Paredes et al.8 successfully developed a model with better discriminatory ability than both the CRS and the more recent m-CRS by successfully incorporating multiple predictors according to prognostic weight and maximizing the robustness of traditional regression via innovative use of bootstrap aggregation. Whereas these results demonstrate the potential of well-known prognostic factors combined with new analytic approaches, they also confirm the current limitations in forecasting survival among patients with CRLM. Improving AUC substantially beyond the 0.7 range for patients with CRLM likely will require the discovery of new and novel prognostic biomarkers as well as the inclusion of interactions between known prognostic factors.12 For example, it has recently been reported that the poor prognostic impact of a right-sided primary tumor among patients with CRLM may manifest only in the absence of KRAS mutations.11 Assessing each factor in isolation would have failed to detect this interplay, thus emphasizing the need to recognize that combination indices are important and additive to their individual components.

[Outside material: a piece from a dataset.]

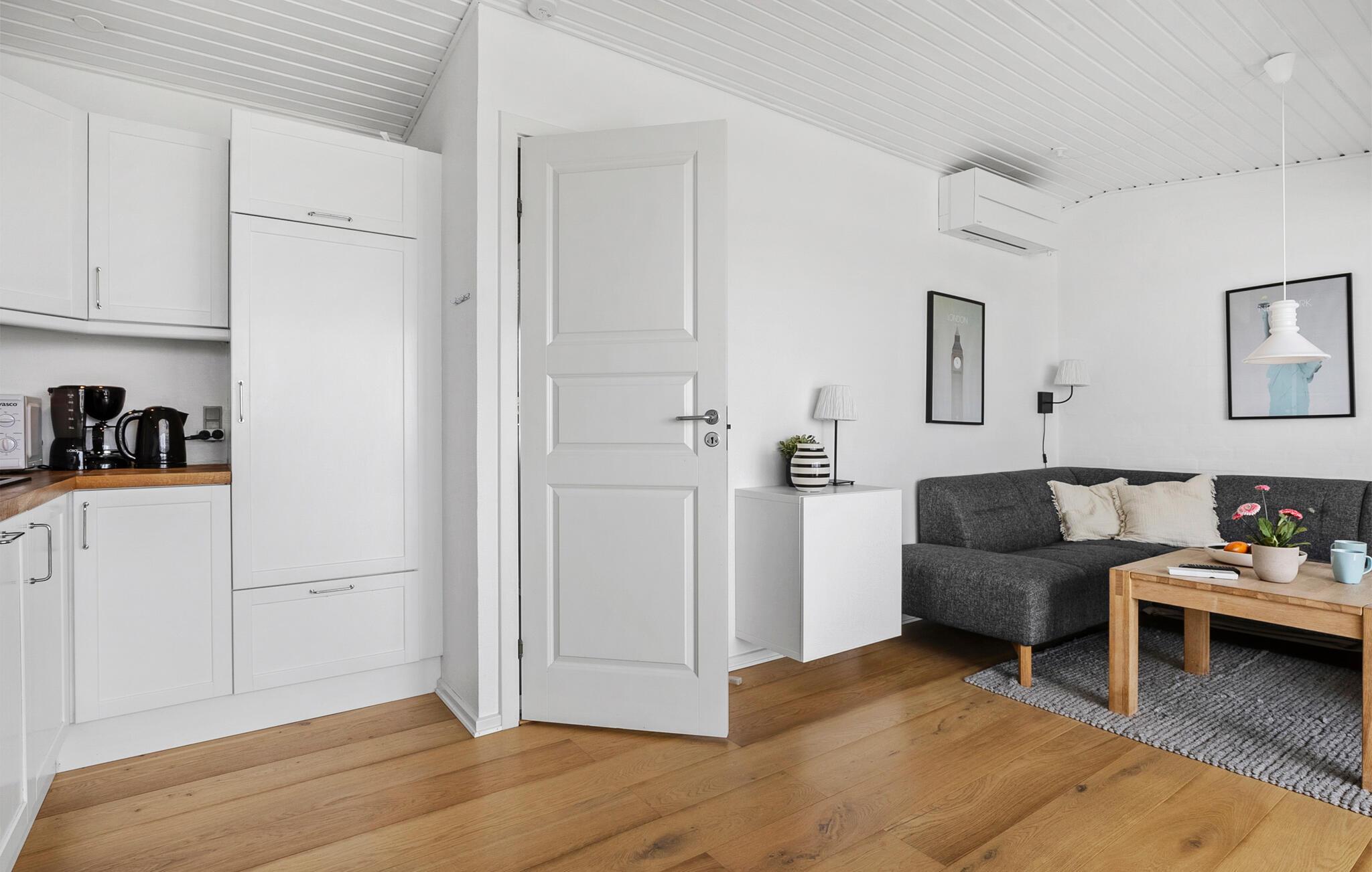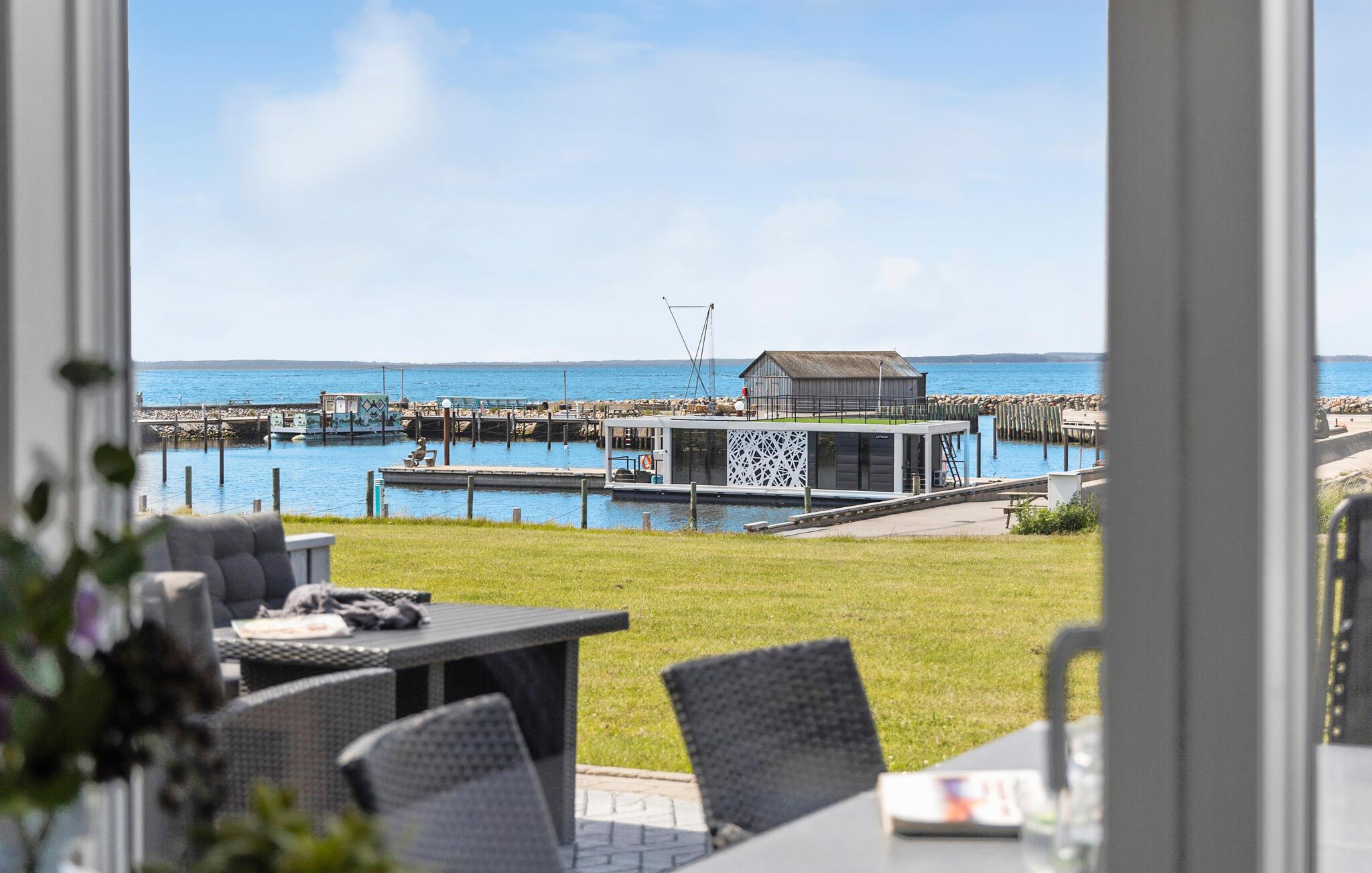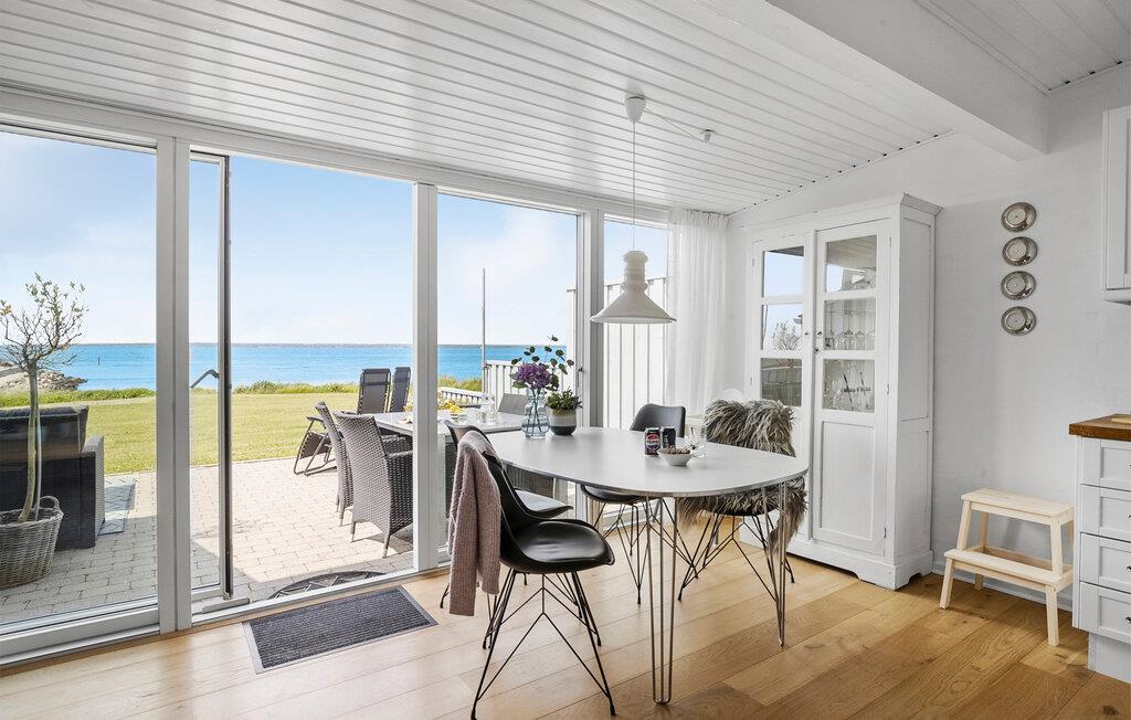 Dieses gepflegte Ferienhaus erwartet Sie mit einer einmaligen Lage direkt am Meer und bietet beste Voraussetzungen für erholsame Tage am Wasser. Freuen Sie sich auf den lichtdurchfluteten Wohnbereich mit großen Fensterfronten, durch die Sie einen ungestörten Blick auf das Meer und den kleinen Hafen genießen. Machen Sie es sich auf dem Sofa bequem oder versammeln Sie sich am Esstisch zu einem Frühstück mit Aussicht. Die kleine, helle Küche ist offen in den Wohnraum integriert. Genießen Sie die wohnliche Atmosphäre und den klaren nordischen Stil.

Artificial intelligence-based methods are ideal for capturing such interactions, which the “bagging” technique does not address. Other approaches to modeling complex interactions between prognostic variables with the aid of Bayesian methodology have received little emphasis to date and deserve further study.13 Assuming that interactions are difficult and impractical to capture, a different strategy would be to try limiting their impact by separating patients into smaller biologically and/or clinically homogeneous groups within which the effect of prognostic factors is more likely to be uniform. This approach has been used successfully for soft tissue sarcoma, in which the original nomograms developed nearly 20 years ago with “all-comers” have been subdivided gradually into site-, histology- and post-recurrence-specific versions, with considerable improvement in prognostic accuracy.14,15,16 Nonetheless, this approach remains imprecise for the individual patient because although the effect of interactions is reduced, it can never be eliminated entirely, and the nomograms fail to account for it.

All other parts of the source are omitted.